HONG KONG – November was a month of major leadership changes around the world, including Xi Jinping’s confirmation as China’s top official and US President Barack Obama’s re-election. The changes highlighted the sharp differences between the two countries’ political systems. Yet the two countries share similar national development goals:increasing their citizens’ prosperity, narrowing social inequities, and addressing environmental sustainability.
The fact is that rapid social, technological, and environmental change is challenging both the Western and Chinese models of governance and development, with both requiring significant reform. And both countries’ leaders must deliver reforms within a limited tenure, with limited resources, and within a global context of trade rivalry and interdependence.
In the United States, where markets, the judiciary, and regulation are highly developed, the imperative is not institutional reform, but policy reform – addressing the weak fiscal position, income and wealth inequities, unemployment, health care, and deteriorating physical infrastructure.

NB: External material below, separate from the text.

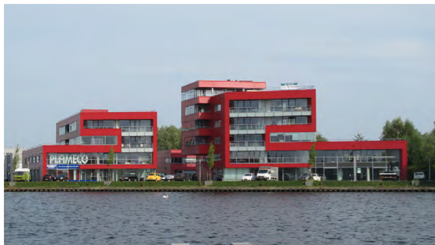
nieuwbouw Waarderpolder aan het Spaarne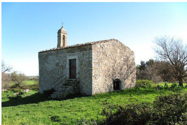
Chiesetta - Neviera di San Magno

For China, the issue largely concerns the design and implementation of the next stage of institutional reforms to sustain economic growth and efficiency, reduce social inequality, remove market distortions, address environmental deterioration, and combat corruption. As China becomes a more urban and elderly middle-income society, the challenge for the new leadership is not only to meet the population’s need for employment, health care, and social security, but also to improve governance and state effectiveness by establishing checks and balances on political power.